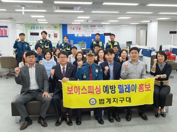 이날 캠페인은 IBK기업은행 직원들과, 범계지구대 직원들이 참여한 가운데, 주민 밀착형 탄력순찰에 중점을 맞추어 찾아가는 보이스피싱 예방활동으로 선제적이고 적극적인 경찰이미지를 홍보하고, 3C 파트너십을 구축 등을 시민들에게 보이스피싱 예방법에 대해 홍보했다.
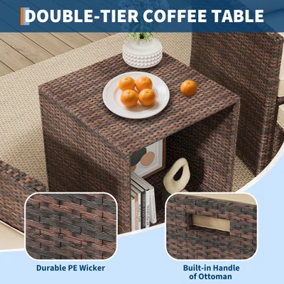 - 【Upgraded Functional Coffee Table】 The rattan coffee table offers a safe, sturdy surface for drinks, meals, or decorative items. Its unique box design maximizes storage space, perfect for blankets, books, or other outdoor essentials. This patio furniture set with ottomans combines style and practicality, making every outdoor gathering more enjoyable.
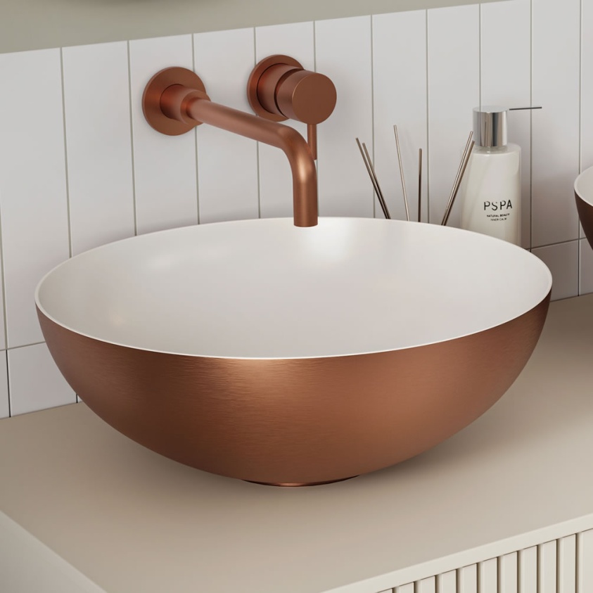 Bring a deliciously decadent flourish to your bathroom with this magnificent countertop basin. Proudly presented by Crosswater, this elegant vessel sink features ultra-slim edges with a sleek Matt Cru interior. The brushed brass-effect finish is applied by hand, infusing each and every model with unique texture and detailing.
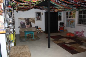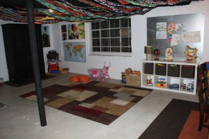 the play area. That's torn strips of fabric from Mali Africa hung on the ceiling. You do what ya can with what ya got! 🙂
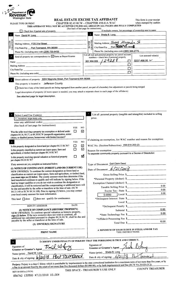 | 7 | 01/15/2001 | SWD | Statutory Warranty Deed | JOHNSON, THOMAS B/ELAINE | DENMERRA, INC., A WA CORP | 0 | 0 | $575,000.00 | 91525 | 0 |
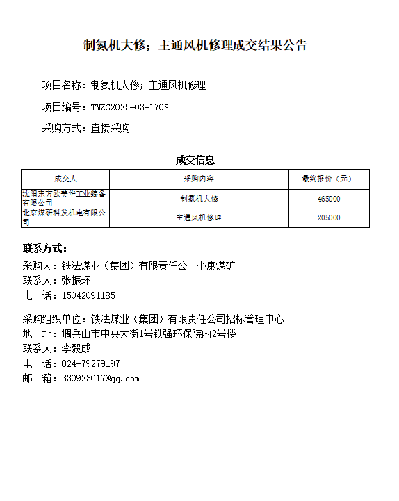 铁法煤业(集团)有限责任公司小康煤矿制氮机大修;主通风机修理成交结果公告
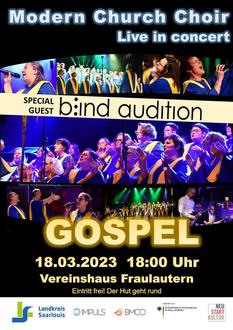 Der MODERN CHURCH CHOIR Nalbach lädt ein zum nächsten Gospelevent am Samstag, 18. März 2023, 18 Uhr, im Vereinshaus Saarlouis Fraulautern.
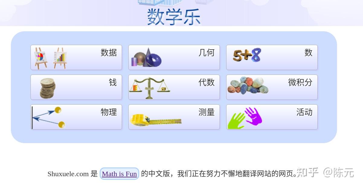 该网站是 Math is Fun 的中文版本。Math is Fun 上面内容更多,如果你英语不错的话,直接去源头网站更好。
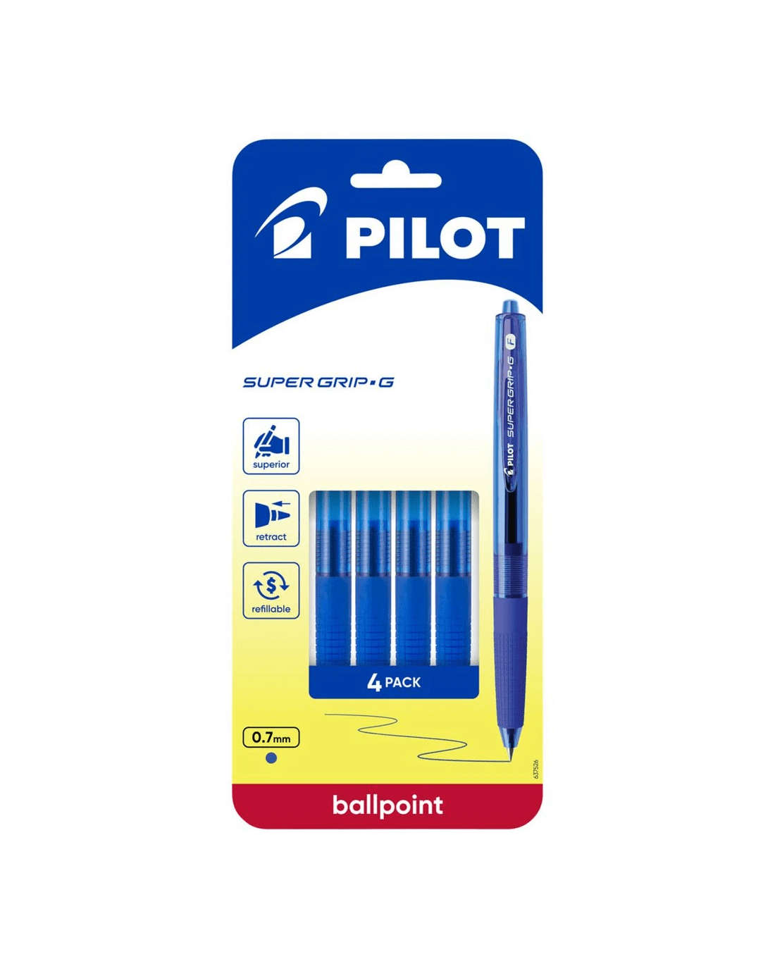 PILOT Super Grip G Retractable Ballpoint Pen 0.7mm Blue 4Pk
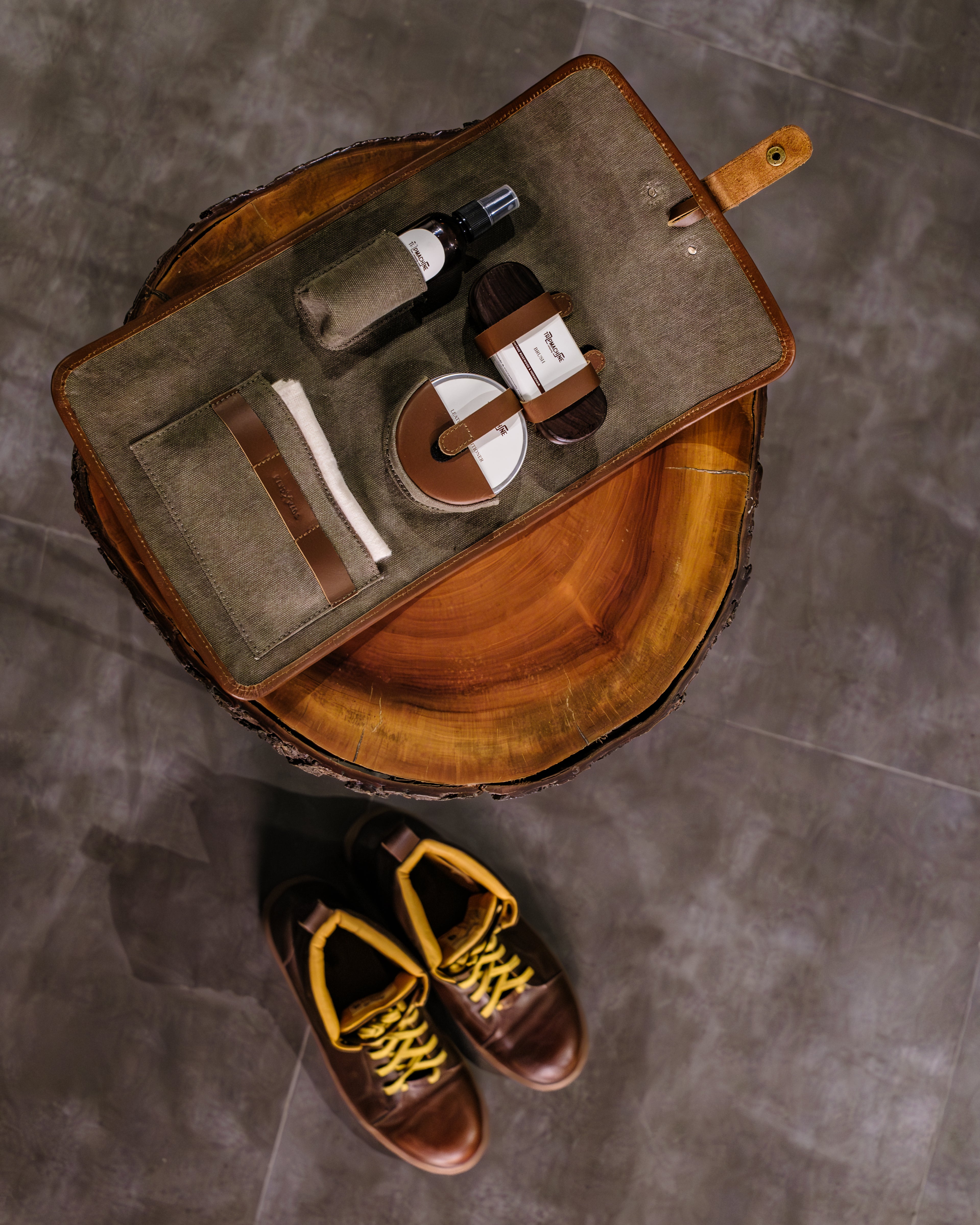 introducing the trip machine leather care kit, the most effective leather care solution we’ve ever used. this is the same combination we’ve relied on for years to clean our own leather gear. it all comes together, neatly housed in a travel-ready, signature trip machine styled tool kit.

========================

• _Description of the task_:
Copy only this from above: the line containing "91525 | 0 |", the line containing "PILOT Super Grip", and all lines between, printed exactly. Leave out the pictures.

• _Answer to the exercise_:
 | 7 | 01/15/2001 | SWD | Statutory Warranty Deed | JOHNSON, THOMAS B/ELAINE | DENMERRA, INC., A WA CORP | 0 | 0 | $575,000.00 | 91525 | 0 |
 铁法煤业(集团)有限责任公司小康煤矿制氮机大修;主通风机修理成交结果公告
 Der MODERN CHURCH CHOIR Nalbach lädt ein zum nächsten Gospelevent am Samstag, 18. März 2023, 18 Uhr, im Vereinshaus Saarlouis Fraulautern.
 该网站是 Math is Fun 的中文版本。Math is Fun 上面内容更多,如果你英语不错的话,直接去源头网站更好。
 PILOT Super Grip G Retractable Ballpoint Pen 0.7mm Blue 4Pk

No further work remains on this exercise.